▶ _EXERCISE PROMPT_
Please restate the entries verbatim. The copy should hold no pictures.

Stored dataset items
+--

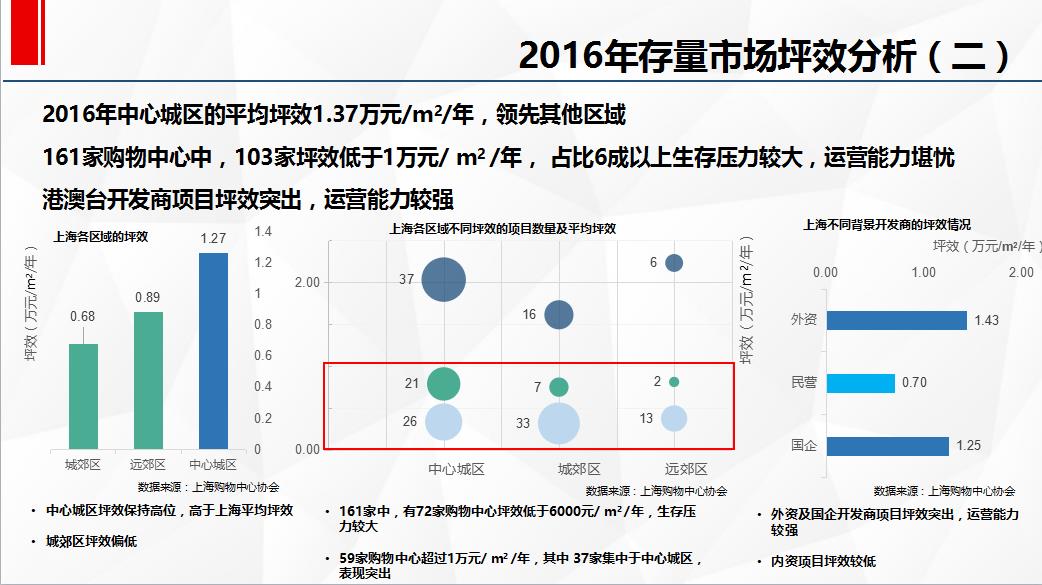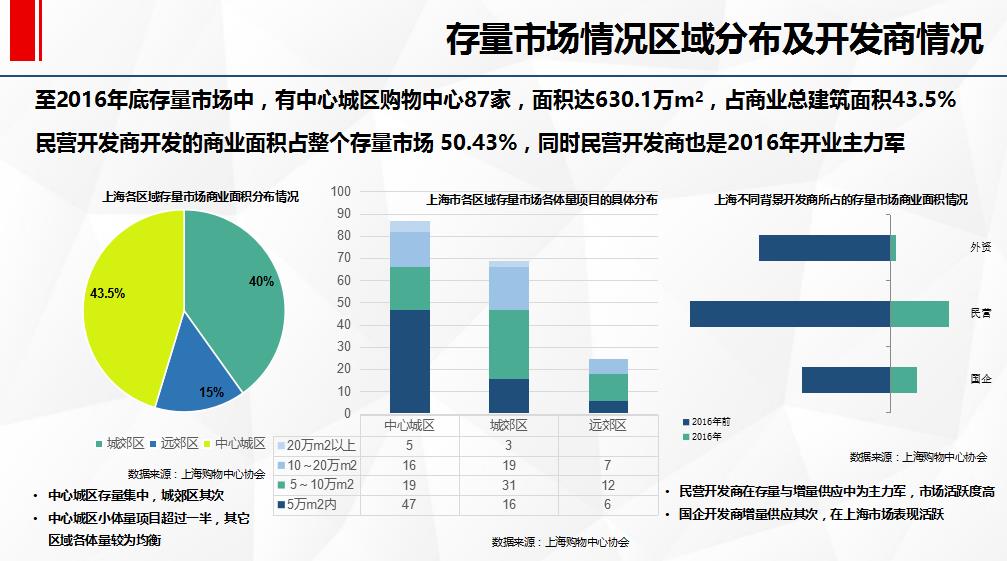 至2016年底存量市场中,中心城区购物中心有87家,面积达630.1万㎡,占商业总建筑面积43.5%;民营开发商开发的商业面积占整个存量市场的50.43%,同时民营开发商也是2016年开业主力军。
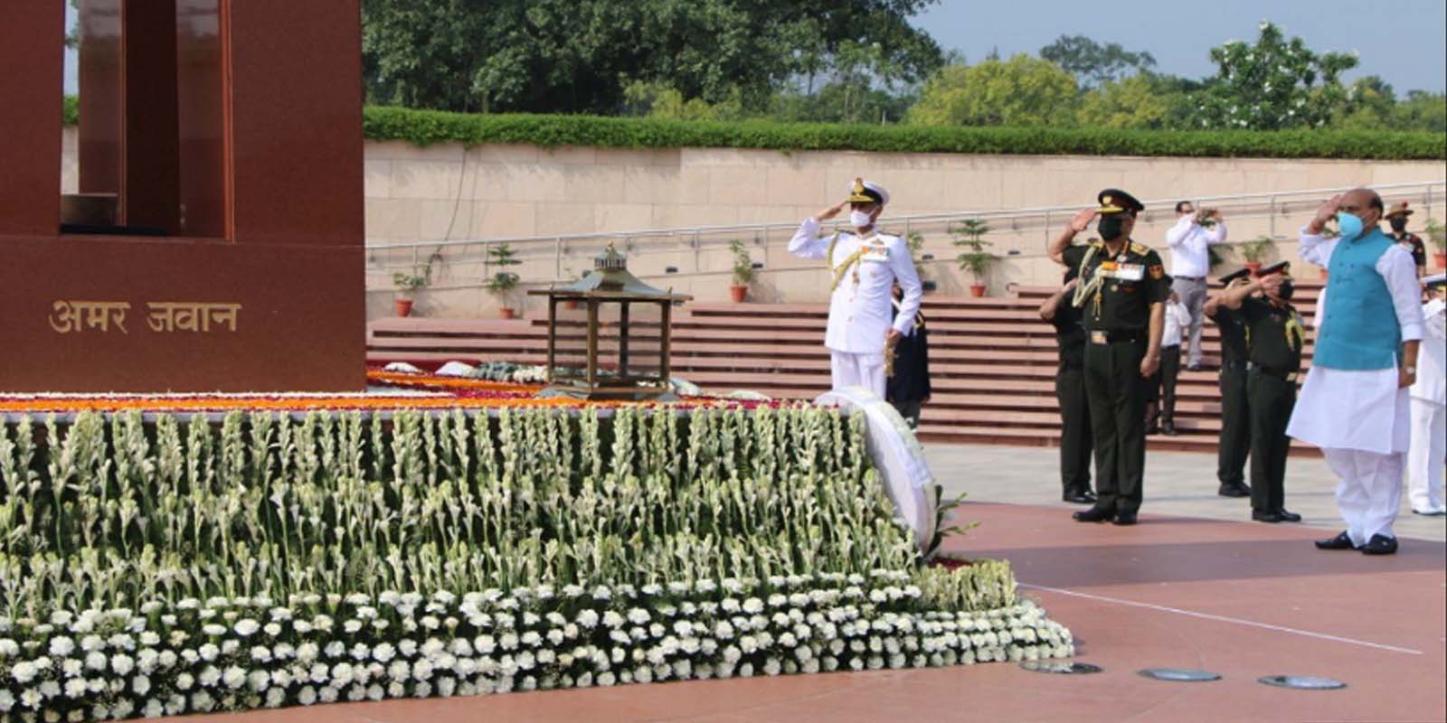 இதையொட்டி, டெல்லியில் உள்ள தேசிய போர் நினைவுச்சின்னத்தில் பாதுகாப்புத்துறை மந்திரி ராஜ்நாத் சிங், பாதுகாப்புத் துறை இணை மந்திரி ஸ்ரீபாத் நாயக் மற்றும் முப்படை தளபதிகள் மரியாதை செலுத்தினார்.
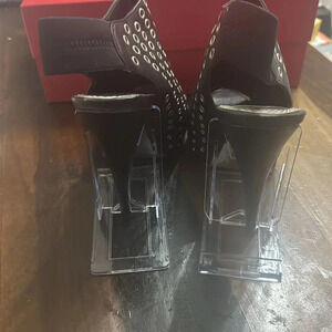 Fabulous Bebe Black leather and Grommet peep toe ankle boots booties sz 7
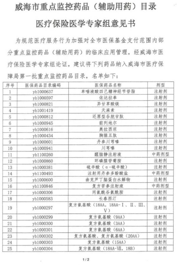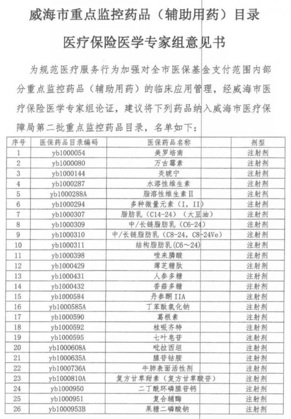 此前,业内流传的《威海市重点监控药品(辅助用药)目录医疗保险医学专家组意见书》显示,威海市共有两批次重点监控药品,目录覆盖112个品目。
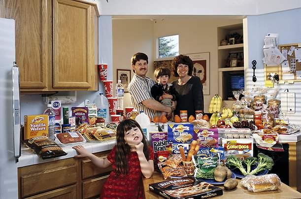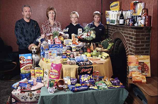 In 2005 Menzel took a photographic survey of the diets of families around the world, documenting what they purchased and ate in the course of a week. The results are visually striking – Menzel has cleverly remade the classic family portrait as an intimate archive of consumption and metabolism – and they also reveal a remarkable range in the quantity, quality, and variety of foods that families across the world take as quotidian.

+--

▶ _RESPONSE_
 至2016年底存量市场中,中心城区购物中心有87家,面积达630.1万㎡,占商业总建筑面积43.5%;民营开发商开发的商业面积占整个存量市场的50.43%,同时民营开发商也是2016年开业主力军。
 இதையொட்டி, டெல்லியில் உள்ள தேசிய போர் நினைவுச்சின்னத்தில் பாதுகாப்புத்துறை மந்திரி ராஜ்நாத் சிங், பாதுகாப்புத் துறை இணை மந்திரி ஸ்ரீபாத் நாயக் மற்றும் முப்படை தளபதிகள் மரியாதை செலுத்தினார்.
 Fabulous Bebe Black leather and Grommet peep toe ankle boots booties sz 7
 此前,业内流传的《威海市重点监控药品(辅助用药)目录医疗保险医学专家组意见书》显示,威海市共有两批次重点监控药品,目录覆盖112个品目。
 In 2005 Menzel took a photographic survey of the diets of families around the world, documenting what they purchased and ate in the course of a week. The results are visually striking – Menzel has cleverly remade the classic family portrait as an intimate archive of consumption and metabolism – and they also reveal a remarkable range in the quantity, quality, and variety of foods that families across the world take as quotidian.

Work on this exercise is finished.